Technology is disrupting the insurance industry in all types of exciting ways. Performing big data analysis to improve risk management activities is of great interest to insurance providers. These companies argue that making genetic data available to them will keep prices of premiums fair and competitive. Data breaches of genetic test results present insurance companies with the data that they need to generate accurate pricing for new and existing insurance products. By putting pressure on lawmakers, insurance companies may succeed in keeping GINA’s protections broad and ambiguous at the federal level.

4. Next-Generation Security Devices & Authorization

Computer system hacks have become the new normal in the new millennium. Computers impact everything from driving to banking, and it seems that cybercriminals overcome new security protocols as fast as IT specialists implement them. In the past, you relied on strong passwords for information security. Today, you see IT security experts promote two-factor authentication and biometrics to verify your identity when using computer systems. Could DNA data be the future of information security?

As computer security specialists seek out ways to perform user verification that are more accurate and less prone to hacking, it’s logical that DNA data recognition could be used in next-generation laptops, mobile devices, and other computerized systems. Unlike a password that you can give to someone else, your DNA is unique to you. Future DNA data recognition platforms would also trump certain biometric systems that rely on fingerprint or retina scans since some people with physical disabilities may not be able to use those systems.

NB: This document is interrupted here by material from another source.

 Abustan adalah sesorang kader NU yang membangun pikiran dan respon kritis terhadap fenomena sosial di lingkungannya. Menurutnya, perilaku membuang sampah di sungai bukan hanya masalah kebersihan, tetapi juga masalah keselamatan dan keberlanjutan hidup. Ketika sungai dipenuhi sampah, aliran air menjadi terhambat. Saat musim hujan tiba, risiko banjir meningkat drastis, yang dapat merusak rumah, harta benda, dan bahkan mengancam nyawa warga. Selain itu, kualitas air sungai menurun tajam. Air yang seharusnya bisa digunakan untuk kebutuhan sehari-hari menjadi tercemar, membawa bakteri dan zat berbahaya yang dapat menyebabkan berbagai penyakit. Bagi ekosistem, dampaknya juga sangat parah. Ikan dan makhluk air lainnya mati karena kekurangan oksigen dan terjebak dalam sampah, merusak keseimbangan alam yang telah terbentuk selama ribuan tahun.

A leak of your DNA data now could present big risks to your financial situation and overall wellbeing in the future if organizations begin to use DNA data recognition technology. You can reset a password, but you can’t change your DNA if it has been compromised. Theoretically, thieves could open new credit accounts, access your retirement investments, file for your social security benefits, and generally take over your life by using your DNA data.

How Leaks of DNA Test Data Can Indirectly Affect Your Life

Data breaches of DNA test results often impact people in subtle ways. If you read the fine print, many agreements involving at-home DNA test companies state that the company owns your data. When a business such as Veritas Genetics or Ancestry owns your DNA test results, it can sell the data to other companies for research and marketing purposes. For instance, you take a DNA test to discover your genetic health risks. The DNA test company sells your information to a third-party pharmaceutical company. The pharmaceutical company markets a drug to you that allegedly prevents the disease that your DNA test identified as a potential problem for you.

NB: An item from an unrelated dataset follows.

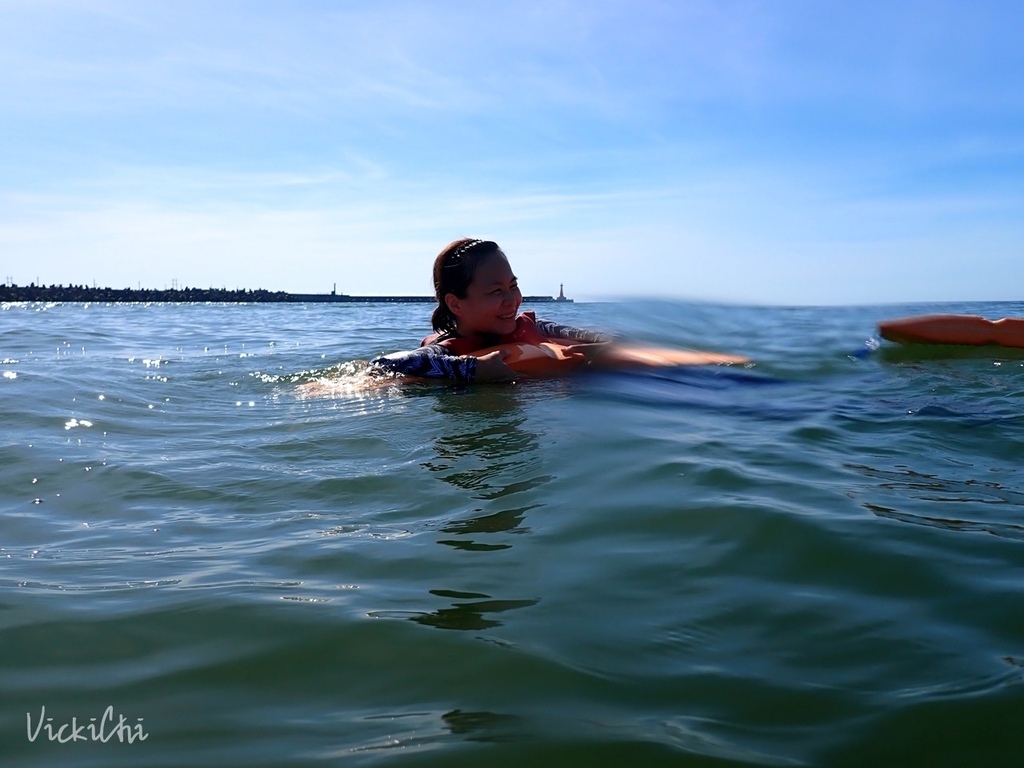 沿著美崙溪划了一趟獨木舟,接著我們划向出海口。在海上,教練說可以跳下獨木舟體驗海泳,看著同伴下水體驗海泳,感覺非常棒!不過,我還是會有些害怕,海泳這次就先pass!

If your DNA test data ends up in the wrong hands through hacking or a voluntary data leak, you could be contacted for medical procedures that you don’t need. A young woman in the UK underwent a double mastectomy and chemotherapy when a medical worker incorrectly recorded her biopsy sample. A malicious hacker could alter your DNA test results to make it appear that you have the breast cancer gene when you don’t.

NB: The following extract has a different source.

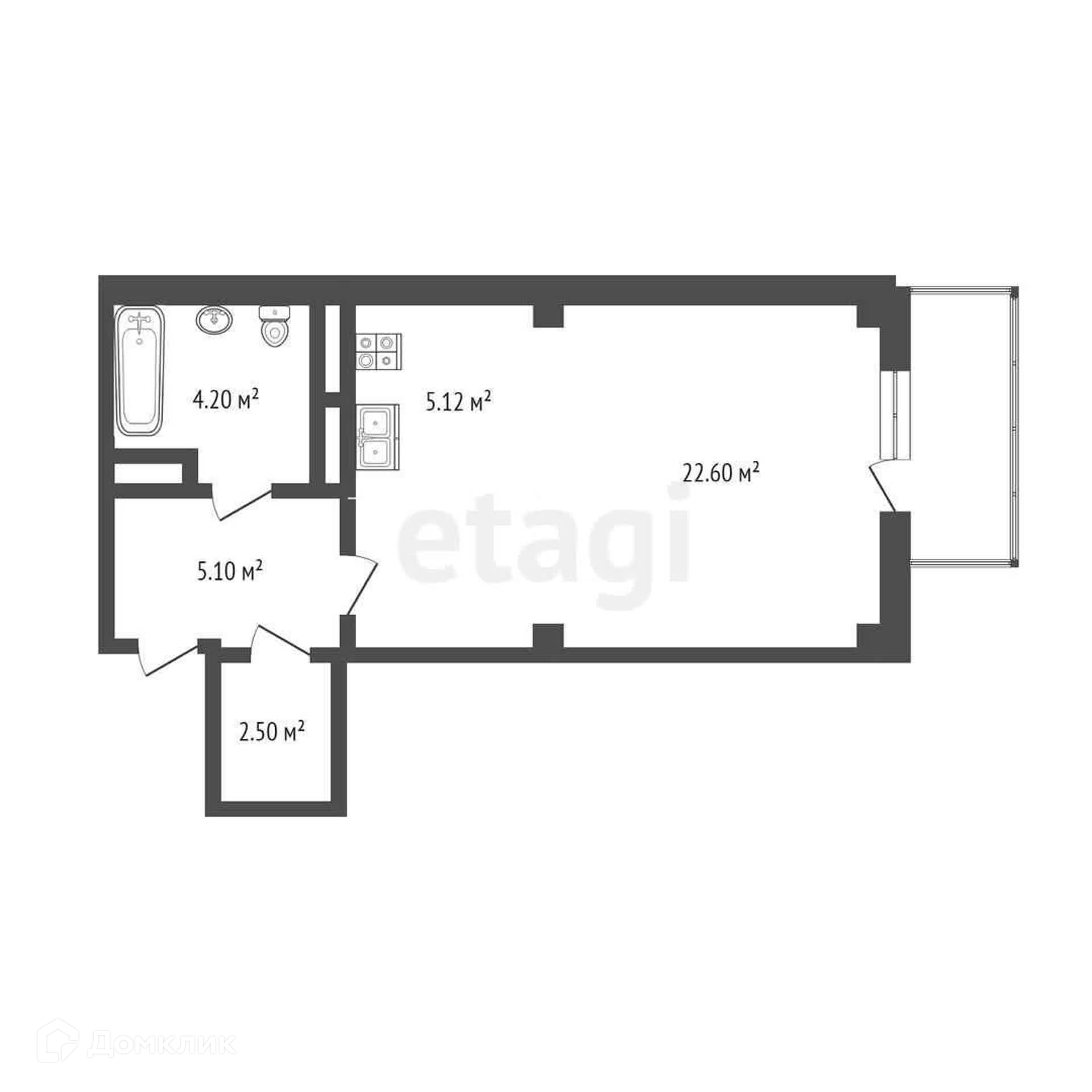 Балкон, лоджия 1 балкон

GINA also offers some protection against genetic data discrimination for employment decisions, but there are loopholes in the law. If a hacker alters your DNA test data results to show that you have a propensity for ailments such as Alzheimer’s Disease or Parkinson’s Disease, there’s a chance that an employer with deep pockets can pass on you as a job candidate. Certain jobs require more physical and mental prowess than others. These positions are often lucrative and very competitive. It would be hard to prove that the company rejected your bid for employment based on leaked DNA test data.

Conclusion

While many well-known consumer genetics testing companies go the extra mile to protect customer data, there’s no guarantee that their computer systems won’t be compromised. Lax laws regarding the collection, storage, transmission, and use of genetic data don’t help matters. Will curiosity win out over privacy? You’ll have to decide. If you choose to do DNA testing, select your service provider carefully. Research the company’s data privacy policies and security processes. Organizations that exceed legal data security requirements are more likely to be good stewards of your data.